Trip of a Lifetime: From Near Death to Full Recovery

Published Date: 
Wednesday, August 25, 2021

Aden – Twenty-one-year-old Ahmed started his journey from his home country of Ethiopia with one goal in mind: to reach the Kingdom of Saudi Arabia (KSA) and find work so he can provide for himself and his family.

He is one of many young Ethiopians who took this journey despite the risks of injury and even death along the way.

“I decided to travel to Saudi after I heard from other Ethiopian men that we can make good money working there,” said Ahmed.

“I did not know that I would lose my health and would not be able work and collect money.”

When he began, he did not know the trip would be so difficult. He spent two months travelling from

Ethiopia to Somalia, then from Somalia to Yemen. He then walked for several days to reach the border with KSA.

“When I reached the border, we were shot at. Many migrants were killed, and I was shot in my left leg. I could not move or run.”

“I was carried to a hospital in Sa'ada and I spent four days there suffering in real pain without any treatment. They eventually moved me to a better hospital where I spent a month and half.”

Migrants undergo health exams at IOM’s Migrant Response Point in Yemen. Photo: Majed Mohammed / IOM 2021

Many migrants passing through the country struggle to access healthcare in Yemen, where only half of health facilities are fully functional.

While he was in the hospital, Ahmed did not have any money to pay for the necessary check-ups and medicine. He had no choice but to leave the hospital after a month and half.  Unable to walk and without a place to go, he relied on the help of other Ethiopians to move to Al Jawf where he hoped to find support.

“I was sleeping on the street under a tree and ate the leftovers that people collected from the restaurants. I was dying slowly from hunger and pain.”

Out of compassion and solidarity, a group of Ethiopian migrants collected money to help him reach Aden. One Ethiopian migrant there told him about the services provided by the International Organization for Migration (IOM).

“Everything changed for me when a friend told me about an organization that provides healthcare for migrants. I asked him to help me reach them.”
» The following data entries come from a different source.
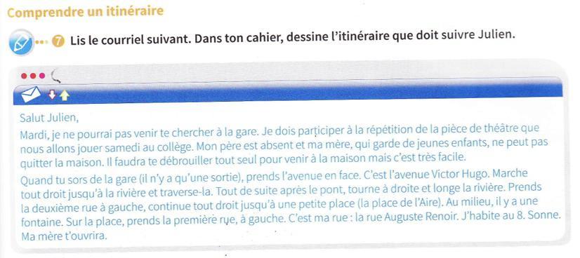 идёшь до реки (я плохо поняла), идёшь по мосту, поворачиваешь направо, потом поворачиваешь на вторую улицу слева, продолжаешь идти справа (плохо поняла) до площади Эр, посередине есть фонтан, на площаде идёшь по первой улице слева и там ее улица Огуст Реноар 8
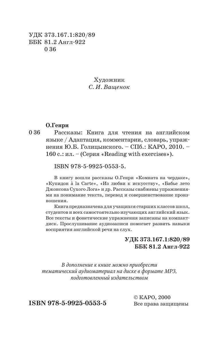 В книгу вошли рассказы О.Генри «Комната на чердаке», «Купидон a la Carte», «Из любви к искусству», «Бабье лето Джонсона Сухого Лога» и др. Рассказы снабжены упражнениями на понимание текста, перевод и совершенствование произношения.Книга предназначена для учащихся старших классов школ, студентов и всех самостоятельно изучающих английский язык. Все тексты и фонетические упражнения записаны на компакт-диск. Прослушивание аудиозаписи помогает развить навыки восприятия английской речи на слух.
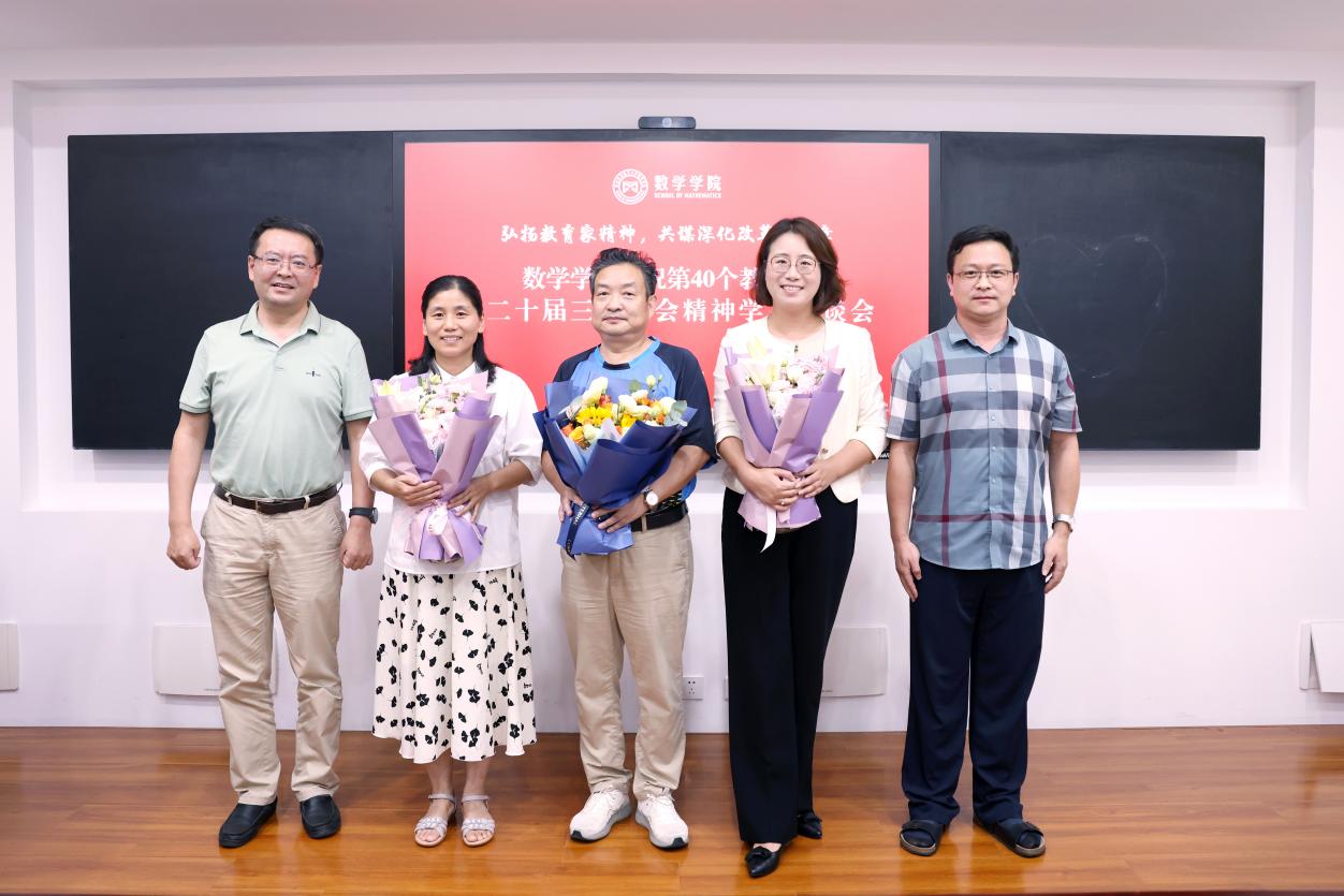 一支粉笔染双鬓,三尺讲台度春秋。学院为退休教师、入职秩年教师、新入职教师代表送上鲜花和祝福。
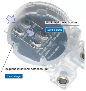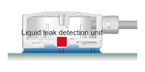 On the bottom of the sensor are two detection units, one located at the front and one at the center. If a liquid leak occurs in front of the sensor, the front detection unit will detect even a small incipient leak. When the leak increases in volume and reaches the center of the sensor, it will be detected as an abnormal leak.
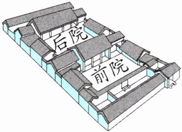 2. 新情境 人文历史 四合院是中国的一种传统合院式建筑,其格局为一个院子四面建有房屋,从四面将庭院合围在中间,因此得名四合院。图中四合院分为大小相同的前后两个正方形院子,前院的边长为$25.6m$。整个四合院的面积是多少平方米?
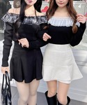 愛琉(INGNI イオンモール高崎)のニット/セーター「ラインストーンチェーンオフショルフリルニット」を使ったコーディネート
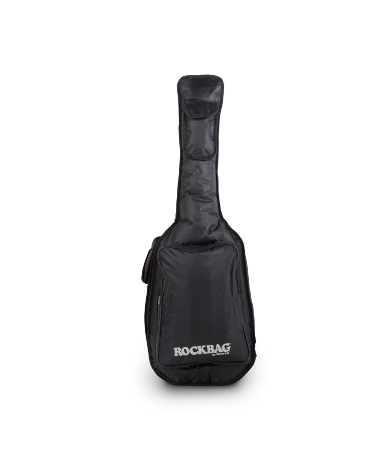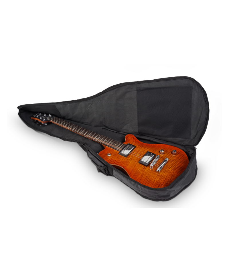 RB 20526 B - Upholstered bag for electric guitar - Basic series - Made in robust water-resistant Roktex fabric - 5mm padding - 0.5cm wide 2-way zip with nylon hinge - Black nylon lining with reinforcement at the pallet and the bridge - Wide external front pocket with zipper - External pocket at the scoop - Upholstered transport handle on the side - 2 adjustable shoulder straps with PVC hardware - Plastic ring to hang the bag.
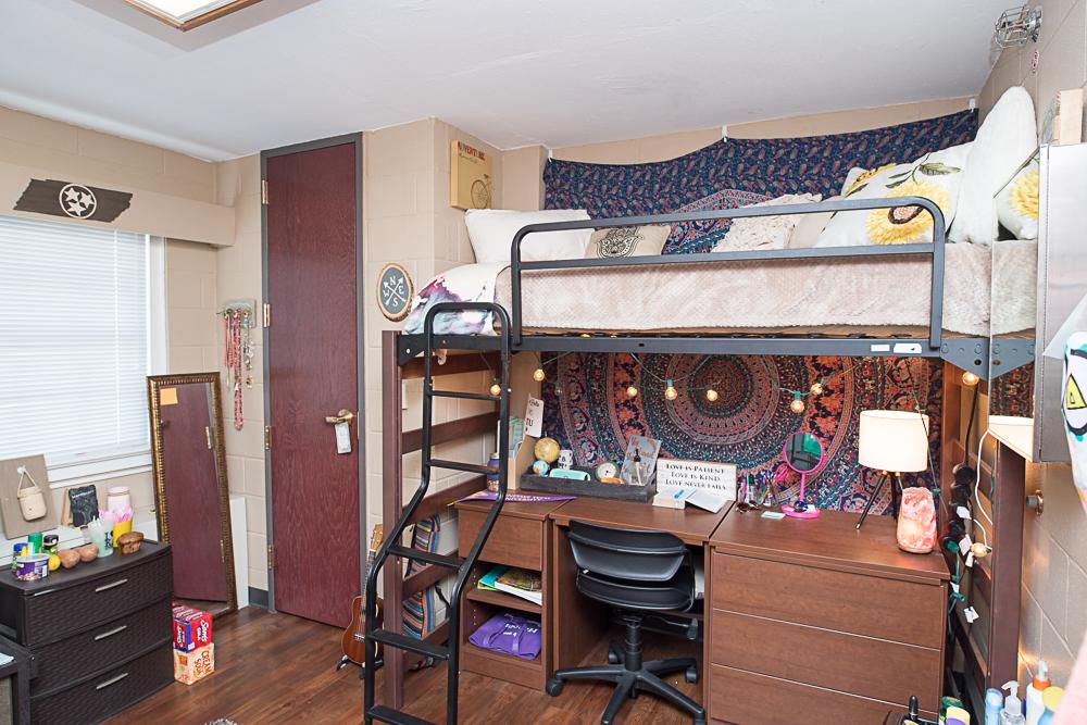 Optional: Coaxial CableChair Rolling Chair provided Closet Internal Measurements: Approx. 2 Feet Deep x 3 Feet 8.5 Inches Wide Desk Has Top Hideaway Table for More Surface Space Dresser Three Drawers with Top Hideaway Table for More Surface Space Electrical Outlet(s) Varies by room. Typically, 3 Receptacles with 2 plugs each. HVAC Ability To Control Temperature 68 To 75 Degrees Internet Wireless (Wi-Fi) Internet Only

“I was so relieved when he told me that medical staff would come take me to the hospital.”

An IOM medical staff checks Ahmed’s leg at the Migrant Response Point in Aden. Photo: Majed Mohammed / IOM 2021

The IOM health team transported him to the Migrant Response Point (MRP) where Ahmed received the intensive treatment that he needed to get his health back on track.

“The medical staff followed my health condition every day and found me a clean and safe place to stay after I improved. I feel much better now,” said Ahmed.

“Ahmed came to the MRP in a very bad condition. We took him to the hospital and made sure he received the proper treatment. We kept checking on him every day until he recovered,” said Dr. Hassan Faddaq, IOM doctor at the MRP.

IOM, with support of EU Humanitarian Aid, provides comprehensive healthcare to vulnerable migrants at its MRPs. Assistance includes consultation for sick migrants, health education, mental health and psychosocial support, vaccination, reproductive health care and referrals for further treatment to other facilities.

IOM also refers migrants to foster families who provide them with accommodation, meals, psychosocial support and medical observation and follow up until they complete their treatment.